To be a Tory PM, it’s all about gaming the system

Friday, 22nd July

uk-parliament

‘Choosing the new Tory leader (and thereby the UK’s next prime minister) is surely just about as undemocratic and corruptible as you can get’

• IF those debating the need for a fair voting system (Letters, July 14) need an example of how not to run an election, the mechanism for choosing the new Tory leader (and thereby the UK’s next prime minister) is surely just about as undemocratic and corruptible as you can get.

The patronage-ridden Tories are using a bastardised version of single transferable vote (STV), where rather than party members being able to rank candidates in order of preference in one party-wide ballot and election managers reallocating the votes given to the last-placed candidate then second-to-last candidate etc, the “transferring” part is done on a round-by-round basis through persuading Tory MPs who voted for the least successful candidate to switch their support, often with promises of jobs or benefits to their constituencies.

This means many Tory MPs will be effectively bribed to vote for a candidate they possibly don’t rate as Britain’s next prime minister but whose team are offering the best incentives.

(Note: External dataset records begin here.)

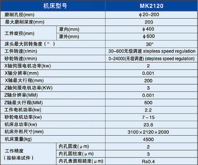 ●機床采用工件箱前後進給,工作台(砂輪架)左右運動的結構方式,工件箱進給及砂輪架運動導軌均爲直線滾動導軌,移動均由伺服電機驅動滾珠絲杠運動~,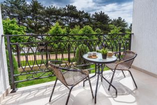 Выход на балкон 5м с видом на зеленую часть придомовой территории комплекса.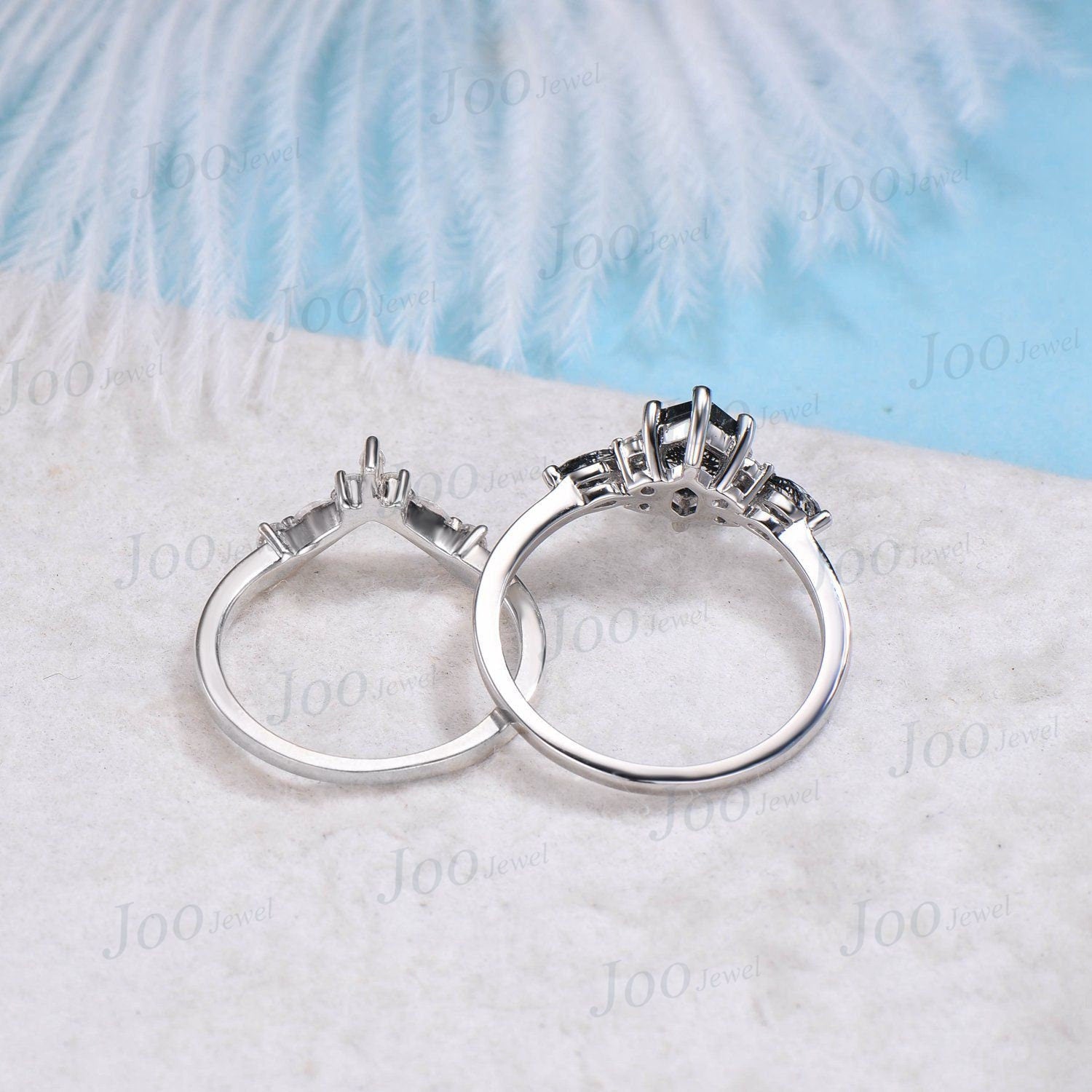 Hexagon Cut Black Rutilated Quartz Engagement Ring Set Vintage Sterling Silver Black Rutile Crystal Ring Unique Wedding/Birthday Gift Women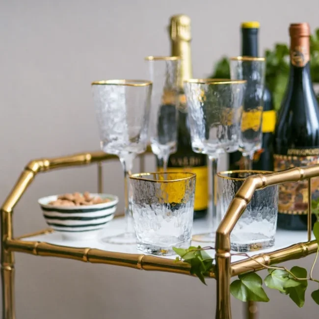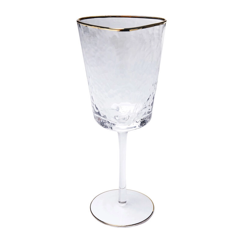 - Lyxigt, handgjort rödvinsglas med guldkant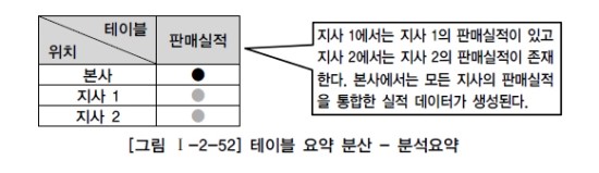 - 지사에 있는 데이터를 이용하여 본사에서 통합하여 요약 데이터 산정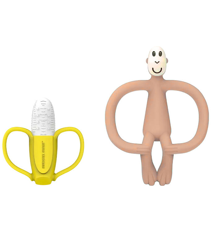 Matchstick Monkey bideringe er det perfekte valg til din lille, der oplever tandfrembrud. Denne 2-pak indeholder en bidering formet som en sød abe og en farverig banan, begge i en skøn pink farve, der vil fange dit barns opmærksomhed. Bideringene er designet med fokus på både funktionalitet og leg, hvilket gør dem til en uundgåelig tilføjelse til dit barns legetøj. Materialet er sikkert og BPA-frit, så du kan være tryg ved, at dit barn kan tygge på dem uden risiko. Den bløde overflade masserer tandkødet og lindrer smerter, når de første tænder bryder frem. Udover at være funktionelle, stimulerer bideringene også dit barns sans for farver og former, hvilket gør dem til en ideel del af tidlig udvikling. Matchstick Monkey bideringe er lette at holde for små hænder, og det sjove design opfordrer til aktiv leg. De kan også nemt rengøres, så du kan holde dem hygiejniske og klar til brug. Giv dit barn den bedste start med disse sjove og praktiske bideringe, der både kan lindre ubehag og underholde. Gør tandfrembrud til en leg med Matchstick Monkey!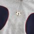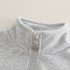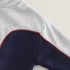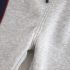 – Hanorac vatuit cu fermoar scurt, în nuanță gri deschis, confecționat din material moale și dens. Modelul dispune de un fermoar practic până la piept, pentru o îmbrăcare ușoară și reglarea căldurii. Liniile laterale în albastru închis, împreună cu marginile roșii, oferă un aspect dinamic și sportiv. Manșetele și partea interioară a mânecilor sunt căptușite cu un material pufos pentru confort suplimentar.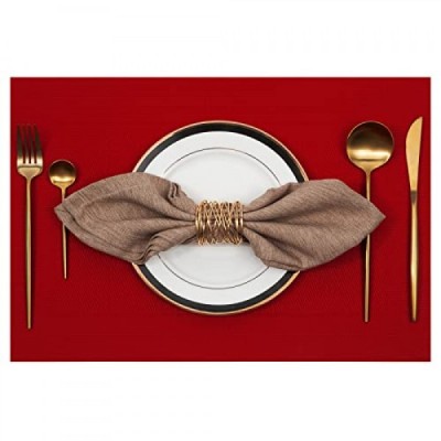 U'Artlines 플레이스매트, 6개 빨간색 Crossweave 짠 비닐 플레이스매트 세척 가능 테이블 매트 세트

Then the 200,000 Tory Party members get to choose between two candidates who have managed to gerrymander their way by various behind-the-scenes tactics onto the final ballot. And that person will be the new party leader.

It’s predictable that the Tory Party lacks any proper internal democracy, but it’s a bit much when the candidate best able to game the system ends up as prime minister. And we can see how well that worked out with Boris Johnson.